**Records shown:**
Content starts

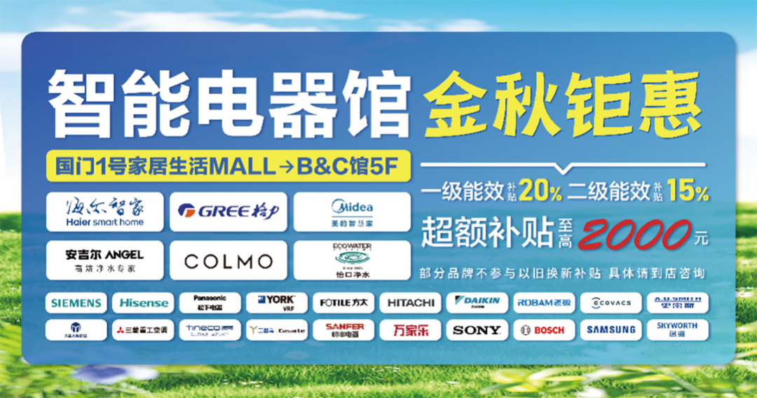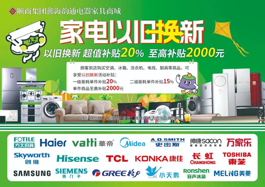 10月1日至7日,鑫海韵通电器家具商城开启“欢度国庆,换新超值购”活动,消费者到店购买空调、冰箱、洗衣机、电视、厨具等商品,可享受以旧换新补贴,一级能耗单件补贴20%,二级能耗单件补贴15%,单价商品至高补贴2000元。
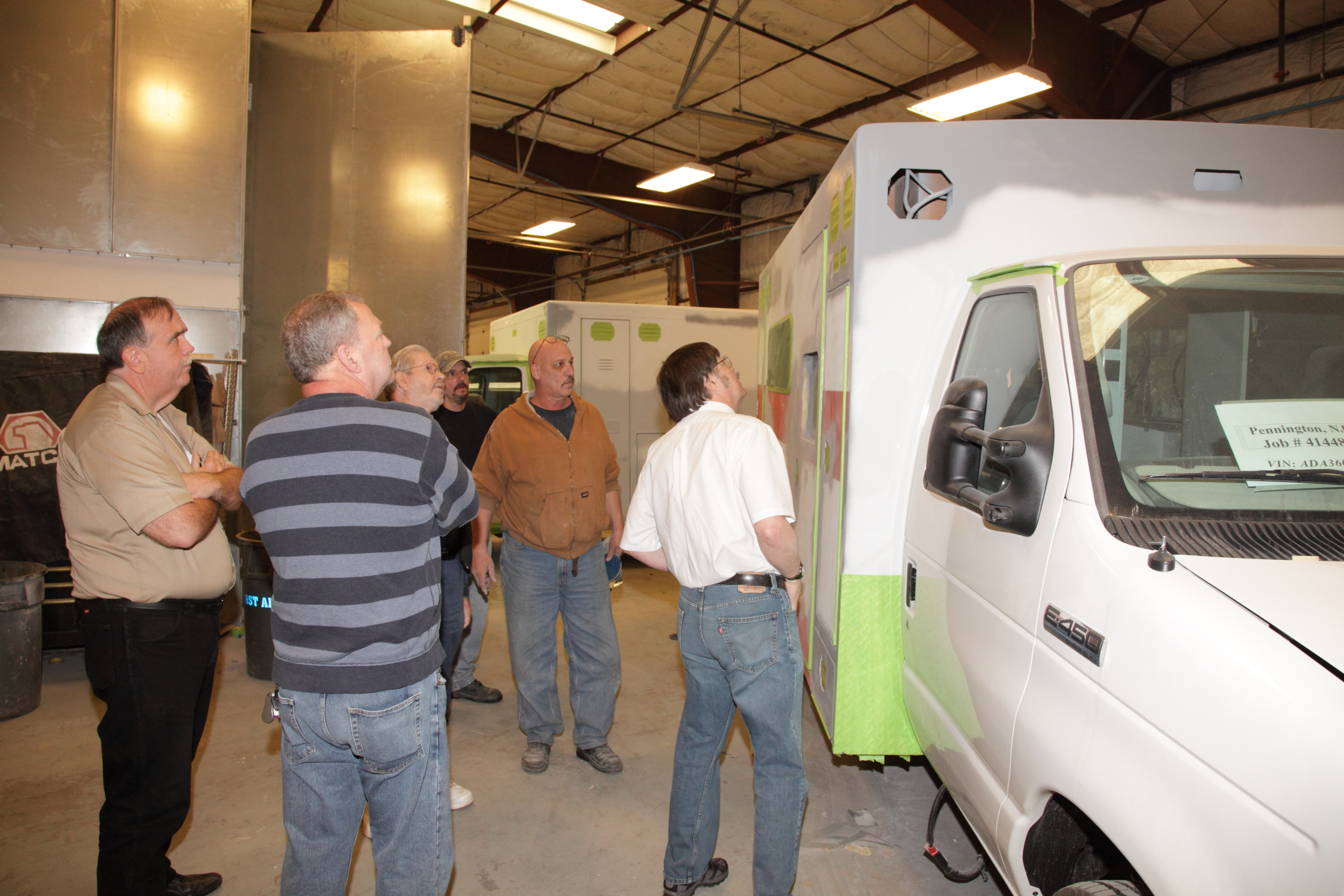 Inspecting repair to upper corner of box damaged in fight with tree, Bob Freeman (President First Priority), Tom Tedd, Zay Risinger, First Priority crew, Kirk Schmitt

Content ends
Content starts

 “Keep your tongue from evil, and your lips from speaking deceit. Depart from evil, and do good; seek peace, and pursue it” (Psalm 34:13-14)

Content ends

**Exercise directions:** Return only the part above that opens with the line containing "10月1日至7日,鑫海韵通电" and closes with the line containing "Inspecting repair to", exactly and with both ends, skipping the pictures.

**Answer box:**
 10月1日至7日,鑫海韵通电器家具商城开启“欢度国庆,换新超值购”活动,消费者到店购买空调、冰箱、洗衣机、电视、厨具等商品,可享受以旧换新补贴,一级能耗单件补贴20%,二级能耗单件补贴15%,单价商品至高补贴2000元。
 Inspecting repair to upper corner of box damaged in fight with tree, Bob Freeman (President First Priority), Tom Tedd, Zay Risinger, First Priority crew, Kirk Schmitt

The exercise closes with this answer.